In my own research, I have found that democratization does not necessarily create initial economic costs in low-income countries in settings characterized by a high degree of ethno-linguistic fractionalization. So that is the good news: there is not necessarily an economic cost to be paid in low-income environments for democratization. But that also means that there is no automatic link between democratization and improved economic performance in the short term. In general, over the medium to long-term, we know that democratic countries tend to provide much greater economic civility and to be much better at handling adverse economic shocks. Obviously, today they are much more sensitive to issues like human rights and income inequality. So it is quite clear that over the long-term democracies produce better economic outcomes even if one looks at democracy in the purely instrumental economic standpoint.

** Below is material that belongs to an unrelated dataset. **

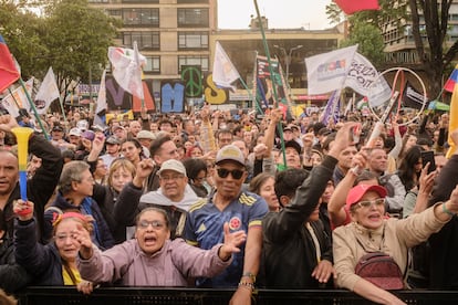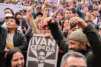 El momento culminante fue cuando Cepeda aseguró que una inhabilitación para la consulta no frustrará su candidatura. “Si se me impide participar, anuncio que el Pacto Histórico [el movimiento del presidente] se retira y se inscribe para la primera vuelta”, exclamó. “Que nuestros adversarios lo oigan claro y fuerte: el partido más grande de Colombia no podrá ser detenido en el camino a un segundo Gobierno progresista”, añadió después. La multitud le respondía con aplausos, ovaciones, cánticos celebratorios. “Iván, amigo, el pueblo está contigo”. “¡Resistencia! ¡Resistencia! ¡Resistencia!”.

On a different note, what significant milestone in international growth do you anticipate for the next decade?

It would be very nice to see a significant number of Saharan African countries start to grow at Asian rates. That would be a piece of news that would make me extremely happy.

What are some specific concerns you think these countries must address to attain economic growth similar to Asian levels?

I think that different countries need to have different kinds of fixes. There are some countries in Africa, for example Zimbabwe, that have a very poor investment environment. Political leaders of such countries have effectively, for political motives, eliminated any reasons why anybody in the private sector would want to invest. So in those types of countries, the focus will need to be first and foremost in improving the investment climate. There are other parts of the continent where the investment climate is potentially decent; the issue is truly a shortage of human resources, a shortage in health and education. There, what one needs to do, however, is make relative large investments in the public health and education system. On other parts of the continent, the issue is neither the investment climate, in the traditional sense of the word, nor public health or human resources. Instead, the markets simply do not necessarily work that well. In those countries, what is necessary is a more proactive push on the part of the government to kick-start economic growth, to coax investment behavior through more proactive policies of promotion. There are many other possible syndromes for Africa. One needs to do in-depth diagnostic analysis in each of these countries to figure out where are the most binding and most pressing constraints.